Global Convergence and Stability of Stochastic Gradient Descent
This provides theoretical confidence for applying SGD to a broader range of stochastic optimization problems, addressing a foundational gap in ML theory.
The paper tackles the problem of SGD theory making restrictive assumptions about non-convexity and noise models in real-world machine learning, establishing that SGD iterates globally converge to a stationary point or diverge under nearly arbitrary conditions, and showing the objective function cannot diverge under a generalized assumption.
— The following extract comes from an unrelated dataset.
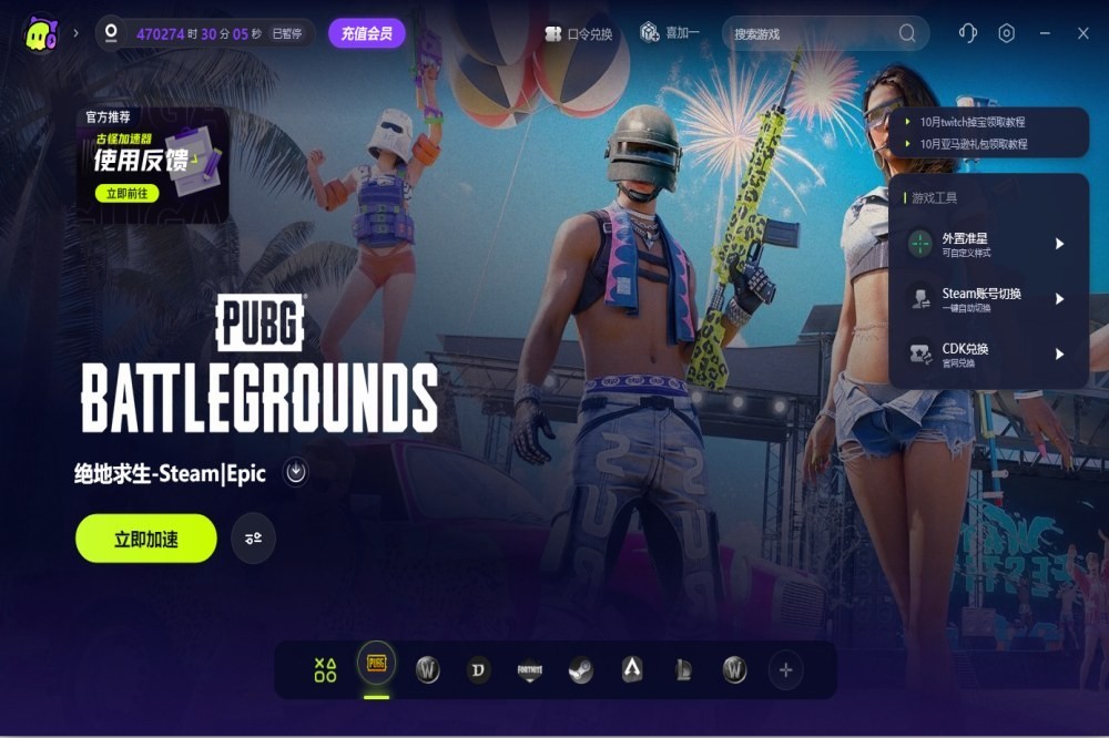 支持热门游戏:Steam商店【Apex英雄】【绝地求生】【最终决战】【Epic平台】【英雄联盟PBE测试服】【CSgo:2 】【侠盗猎车手5】【战地2042】【暗黑破环神4】等上万款游戏加速。致力于提供稳定、流畅的游戏体验。其会员时长自动暂停功能减少了不必要的浪费,同时支持各类国内外游戏,让玩家无需担心网络问题。古怪加速器拥有海量线路选择,针对不同地区和网络环境提供最佳的加速方案,有效降低延迟、减少丢包现象。作为加速器品牌,广受用户好评。对于追求极致游戏体验的玩家,古怪加速器是不可或缺的得力助手。

In machine learning, stochastic gradient descent (SGD) is widely deployed to train models using highly non-convex objectives with equally complex noise models. Unfortunately, SGD theory often makes restrictive assumptions that fail to capture the non-convexity of real problems, and almost entirely ignore the complex noise models that exist in practice. In this work, we make substantial progress on this shortcoming. First, we establish that SGD's iterates will either globally converge to a stationary point or diverge under nearly arbitrary nonconvexity and noise models. Under a slightly more restrictive assumption on the joint behavior of the non-convexity and noise model that generalizes current assumptions in the literature, we show that the objective function cannot diverge, even if the iterates diverge. As a consequence of our results, SGD can be applied to a greater range of stochastic optimization problems with confidence about its global convergence behavior and stability.